小笠原からの出港の際に、盛大なお見送りをしてくれるのは知っていたしテレビで見たこともあるけれど、実際に見送られる立場になるとそれはそれは感動的だった。船での見送りは電車のそれとは違って時間がかかるから、私は正直あまり好きではなかったのだけれど、あのような明るいお見送りは私の認識を新たにしてくれた。「さようなら」ではなくて、また来てね、の気持ちから「いってらっしゃい」と見送られるのも素晴らしいと思った。
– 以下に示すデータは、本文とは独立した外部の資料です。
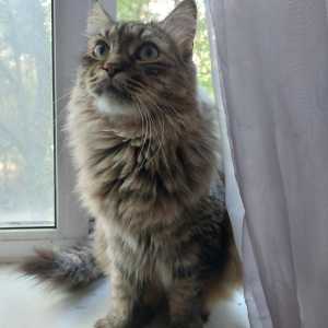 Молодая, длинношерстная милая кошка. Совершенно домашняя, ручная и позитивная.
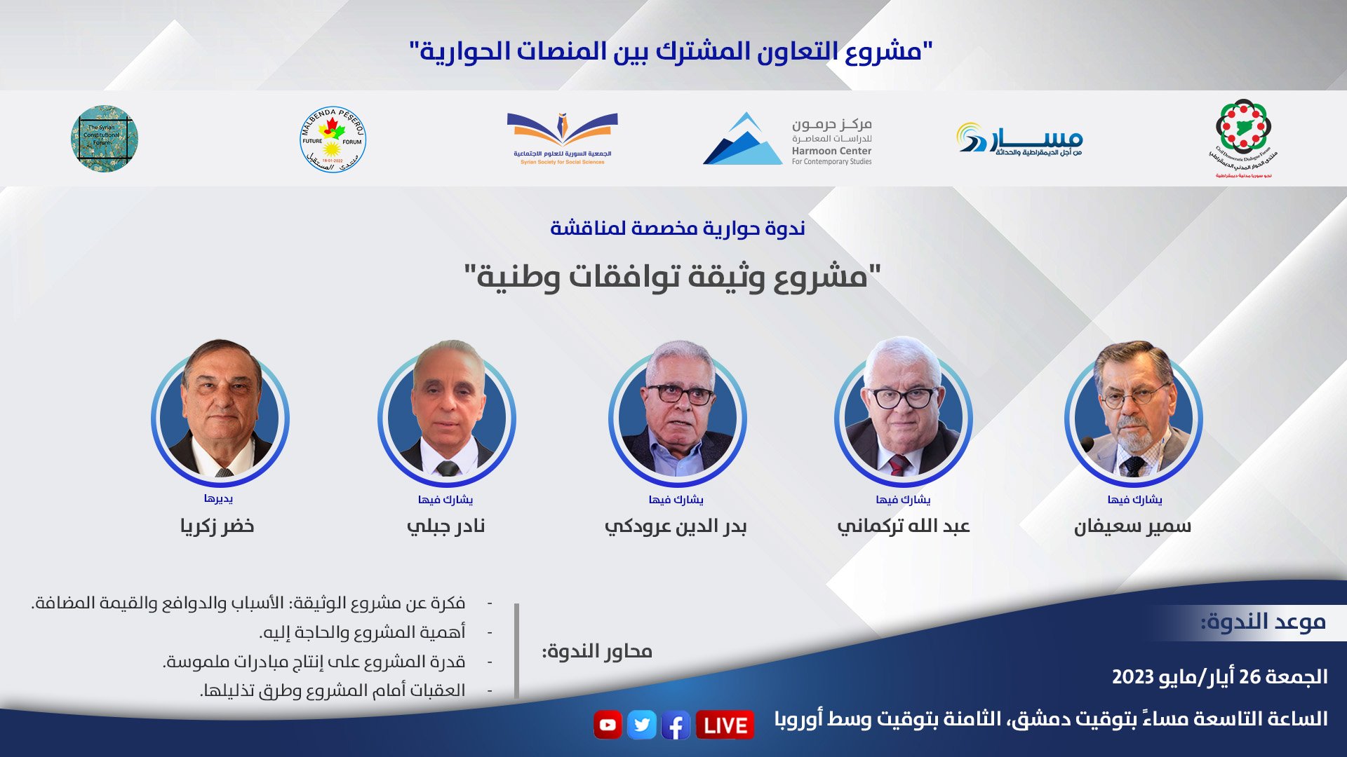 تتشرف اللجنة التنفيذية لمشروع التعاون المشترك بين المنصّات الحوارية: مركز حرمون للدراسات المعاصرة/ برنامج الحوار الوطني، ومنتدى الحوار المدني الديمقراطي/ مدى، والجمعية السورية للباحثين في العلوم الاجتماعية، ومنظمة مسار للديمقراطية والحداثة، ومنتدى المستقبل، والمنتدى الدستوري، بدعوتكم يوم الجمعة 26 أيار/ مايو 2023، الساعة التاسعة مساءً بتوقيت دمشق، الثامنة بتوقيت وسط أوروبا، للمشاركة في الندوة الحوارية المخصصة لمناقشة “مشروع وثيقة توافقات وطنية”، الذي أصدره مركز حرمون للدراسات المعاصرة.

別に小笠原に限らず、私たちはどんな時でもどんな人にでも「行ってらっしゃい」と見送る方が素敵だろう。見送りの様子を動画で撮ったので良かったら見てください。上のリンクと下の画像(2点)もクリックするとその時の様子が見られます。
【後記】
島で走る車のナンバーはみな品川ナンバーだった。我が家と同じ東京都なのだからなんの不思議もないのだけれど、この地に来るまでの時間を思うと不思議でならなかった。同じ東京でも沖縄以西に行くより時間も金もかかる。それだからこそ、海も山も自然は手つかず状態に近い。
クジラにも会いたかったし、イルカには会えたけど出来れば一緒に泳ぎたかった。釣りもしたかったし、翼を広げると1㍍近くにもなるというオオコウモリも見てみたかった。
 
なんでも兄島に飛行場建設の話が上がってるそうな。観光業が一番の収益だろうから、飛行場が出来れば島の人々にとっては緊急時の医療問題にしても良いことだろうと思う。
しかしこの島固有の生き物を守ることを考えれば、もしも更に多くの人が訪れればよくない影響をおよぼすことは間違いない。この渡航中、中国人の赤サンゴ密漁船が大挙して来ていたけれど、一度失った自然を再生させるには気の遠くなるような時間が必要だ。飛行場が出来ることは良い事なのか悪い事なのか。私にはわからない。